7.2 In connection with any Demand Registration or Piggyback Registration in which a holder of Registrable Securities is participating, each such holder agrees to indemnify, to the extent permitted by law, the Company, its directors, officers, any other holder selling securities in such Demand Registration or Piggyback Registration, and each Person who controls the Company (within the meaning of the Securities Act) against all losses, claims, damages, liabilities (joint or several) and expenses arising out of, based upon or caused by any Violation, but only (i) to the extent that such Violation is caused by any information furnished in writing by such holder, and stated to be specifically for use in such registration, or (ii) insofar as they relate to any untrue or alleged untrue statement of material fact, or any omission or alleged omission of a material fact required to be stated in the registration statement or necessary to make the statements therein, in light of the circumstances in which they were made, not misleading, made in a preliminary prospectus on file with the Commission at the time the registration statement becomes effective or the Final Prospectus is filed with the Commission, if a copy of the Final Prospectus was not furnished to the Person asserting the loss, liability, claim or damage at or prior to the time such action is required by the Securities Act, and if the Final Prospectus would have cured the defect giving rise to such loss, liability, claim or damage; and such holder will reimburse the Company and each such Person for any legal or other expenses reasonably incurred, as such expenses are incurred, by any of them in connection with investigating or defending any such loss, claim, damage, liability or expense; provided, that, the obligation to indemnify shall be individual, not joint and several, for each holder and shall be limited to the net amount of proceeds received by such holder from the sale of Registrable Securities pursuant to such registration statement.
7.3 Any Person entitled to indemnification hereunder shall (a) give prompt written notice to the indemnifying party of any claim with respect to which it seeks indemnification (provided that the failure to give prompt notice shall not impair any Person’s right to indemnification hereunder to the extent such failure has not prejudiced the indemnifying party’s ability to defend such claim), and (b) unless in the written opinion of legal counsel to such indemnified or indemnifying parties a conflict of interest between such indemnified and indemnifying parties exists with respect to such claim, permit such indemnifying party to assume the defense of such claim with counsel reasonably satisfactory to the indemnified party.
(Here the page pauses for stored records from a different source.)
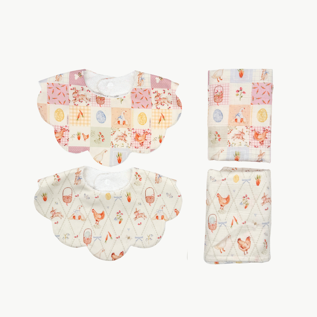 Inside the set you’ll find two of our signature scalloped baby bibs, paired with two soft 100% premium cotton muslin squares printed in the UK. The bibs are crafted from premium cotton and backed with absorbent terry towelling to help keep little outfits dry, while the lightweight muslin squares are perfect for feeding, burping and everyday baby moments.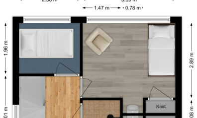 De eerste verdieping kenmerkt zich door een viertal slaapkamers en badkamer. Daarbij hangt er een airco (geplaatst in 2020) waar u op de gehele verdieping plezier van heeft. Naast de trap naar de tweede verdieping is een kastdeur waarachter de leidingen zitten verborgen.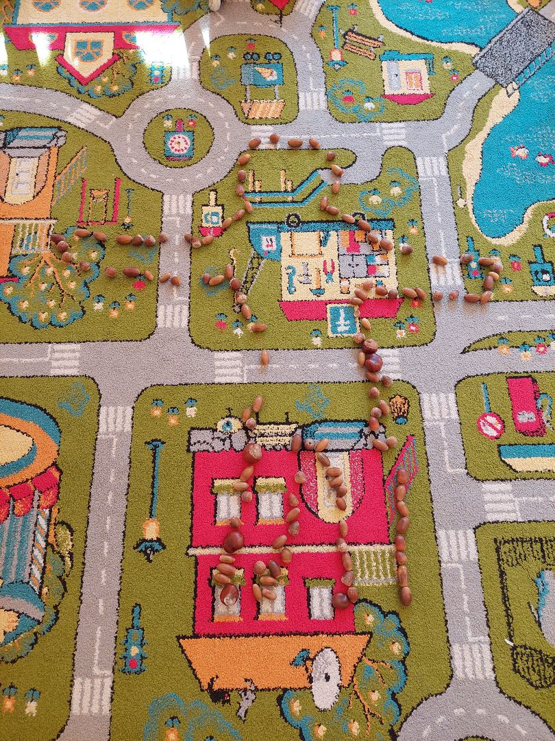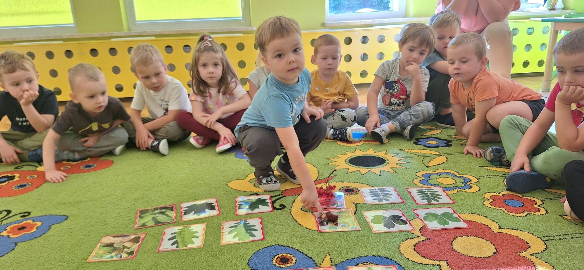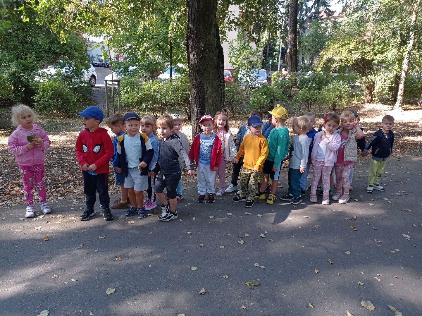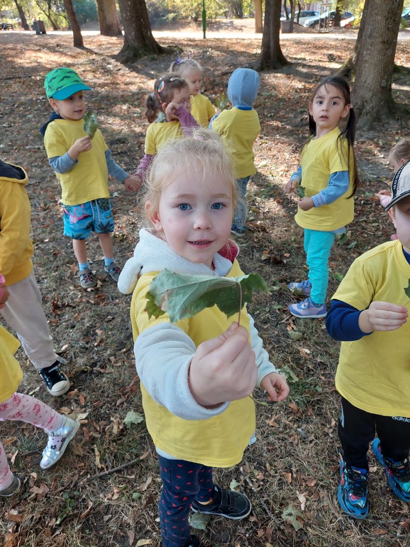 Jesień to kolorowa i wyjątkowa pora roku stwarzająca mnóstwo okazji do poznawania otaczającego świata. Puchatki podczas zajęć uczyły się rozpoznawać i nazywać najbardziej charakterystyczne drzewa, które właśnie jesienią dają najwięcej swoich darów: kasztanowce, klony, dęby, jarzębiny. Następnie korzystając z pięknej pogody aktywnie uczestniczyły w odkrywaniu tych skarbów wokół przedszkola. Klony, dęby, kasztanowce oraz drzewa iglaste oferowały przedszkolakom kasztany, żołędzie, noski, szyszki i kolorowe liście. Wielką radość sprawiało dzieciom odnajdywanie drzew i liści, których nazwy poznały, a klonowe noski z dumą nosiły na podwórku.

If such defense is assumed, the indemnifying party shall not be subject to any liability for any settlement made by the indemnified party without its consent (but such consent shall not be unreasonably withheld). An indemnifying party who is not entitled to, or elects not to, assume the defense of a claim shall be obligated to pay the fees and expenses of one counsel (but not more than one) for all parties indemnified by such indemnifying party with respect to such claim, unless in the reasonable judgment (with written advice of counsel) of any indemnified party a conflict of interest may exist between such indemnified party and any other of such indemnified parties with respect to such claim.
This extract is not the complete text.